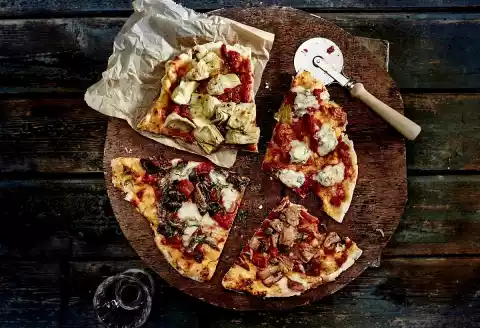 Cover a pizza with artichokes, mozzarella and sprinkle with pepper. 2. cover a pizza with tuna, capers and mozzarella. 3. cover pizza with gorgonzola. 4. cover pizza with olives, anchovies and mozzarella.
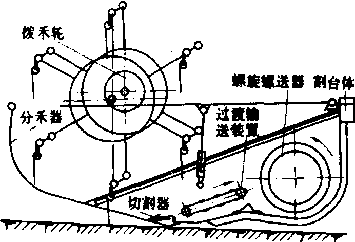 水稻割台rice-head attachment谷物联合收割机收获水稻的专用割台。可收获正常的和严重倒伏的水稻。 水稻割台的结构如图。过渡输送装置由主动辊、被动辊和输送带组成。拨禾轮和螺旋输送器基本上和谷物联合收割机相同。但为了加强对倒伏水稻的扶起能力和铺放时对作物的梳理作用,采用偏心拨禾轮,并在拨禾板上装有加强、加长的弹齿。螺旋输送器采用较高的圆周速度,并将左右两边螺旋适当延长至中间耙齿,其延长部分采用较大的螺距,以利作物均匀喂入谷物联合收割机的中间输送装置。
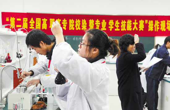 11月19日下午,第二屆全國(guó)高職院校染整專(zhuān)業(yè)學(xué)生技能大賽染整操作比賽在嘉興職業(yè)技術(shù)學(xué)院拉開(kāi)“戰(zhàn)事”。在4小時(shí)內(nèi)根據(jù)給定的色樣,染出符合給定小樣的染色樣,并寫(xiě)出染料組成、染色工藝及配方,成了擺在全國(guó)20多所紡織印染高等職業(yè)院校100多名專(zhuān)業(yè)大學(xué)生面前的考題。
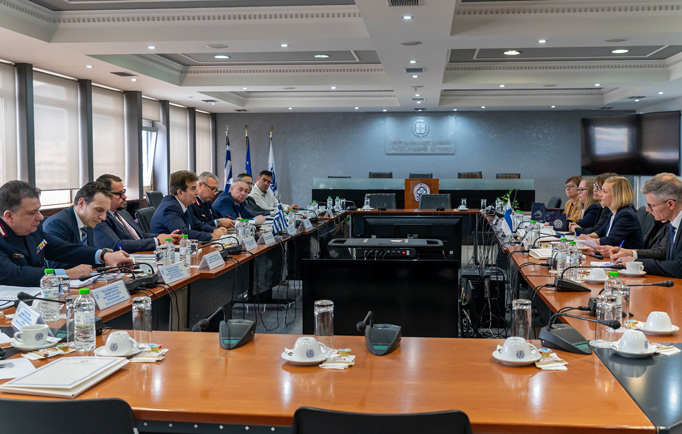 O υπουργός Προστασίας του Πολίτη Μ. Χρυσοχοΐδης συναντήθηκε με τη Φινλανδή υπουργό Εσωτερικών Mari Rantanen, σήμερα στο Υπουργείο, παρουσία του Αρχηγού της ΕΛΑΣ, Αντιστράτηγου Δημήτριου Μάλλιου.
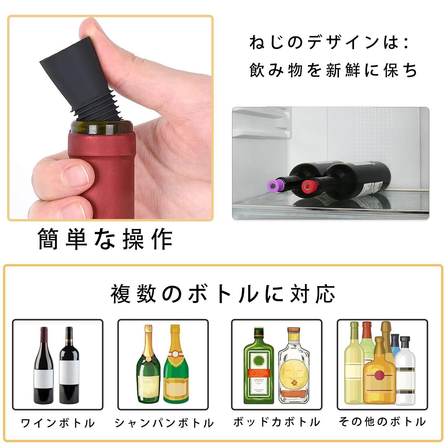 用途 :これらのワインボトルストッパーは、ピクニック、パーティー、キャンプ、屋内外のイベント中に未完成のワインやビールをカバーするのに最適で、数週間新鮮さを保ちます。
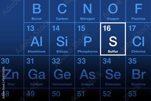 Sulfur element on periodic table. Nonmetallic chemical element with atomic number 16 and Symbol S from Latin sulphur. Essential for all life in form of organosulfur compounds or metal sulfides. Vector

◇ ◇ ◇ ◇ ◇

Without the pictures, give every line of the data again, exactly as written.

**Answer section**.
 Cover a pizza with artichokes, mozzarella and sprinkle with pepper. 2. cover a pizza with tuna, capers and mozzarella. 3. cover pizza with gorgonzola. 4. cover pizza with olives, anchovies and mozzarella.
 水稻割台rice-head attachment谷物联合收割机收获水稻的专用割台。可收获正常的和严重倒伏的水稻。 水稻割台的结构如图。过渡输送装置由主动辊、被动辊和输送带组成。拨禾轮和螺旋输送器基本上和谷物联合收割机相同。但为了加强对倒伏水稻的扶起能力和铺放时对作物的梳理作用,采用偏心拨禾轮,并在拨禾板上装有加强、加长的弹齿。螺旋输送器采用较高的圆周速度,并将左右两边螺旋适当延长至中间耙齿,其延长部分采用较大的螺距,以利作物均匀喂入谷物联合收割机的中间输送装置。
 11月19日下午,第二屆全國(guó)高職院校染整專(zhuān)業(yè)學(xué)生技能大賽染整操作比賽在嘉興職業(yè)技術(shù)學(xué)院拉開(kāi)“戰(zhàn)事”。在4小時(shí)內(nèi)根據(jù)給定的色樣,染出符合給定小樣的染色樣,并寫(xiě)出染料組成、染色工藝及配方,成了擺在全國(guó)20多所紡織印染高等職業(yè)院校100多名專(zhuān)業(yè)大學(xué)生面前的考題。
 O υπουργός Προστασίας του Πολίτη Μ. Χρυσοχοΐδης συναντήθηκε με τη Φινλανδή υπουργό Εσωτερικών Mari Rantanen, σήμερα στο Υπουργείο, παρουσία του Αρχηγού της ΕΛΑΣ, Αντιστράτηγου Δημήτριου Μάλλιου.
 用途 :これらのワインボトルストッパーは、ピクニック、パーティー、キャンプ、屋内外のイベント中に未完成のワインやビールをカバーするのに最適で、数週間新鮮さを保ちます。
 Sulfur element on periodic table. Nonmetallic chemical element with atomic number 16 and Symbol S from Latin sulphur. Essential for all life in form of organosulfur compounds or metal sulfides. Vector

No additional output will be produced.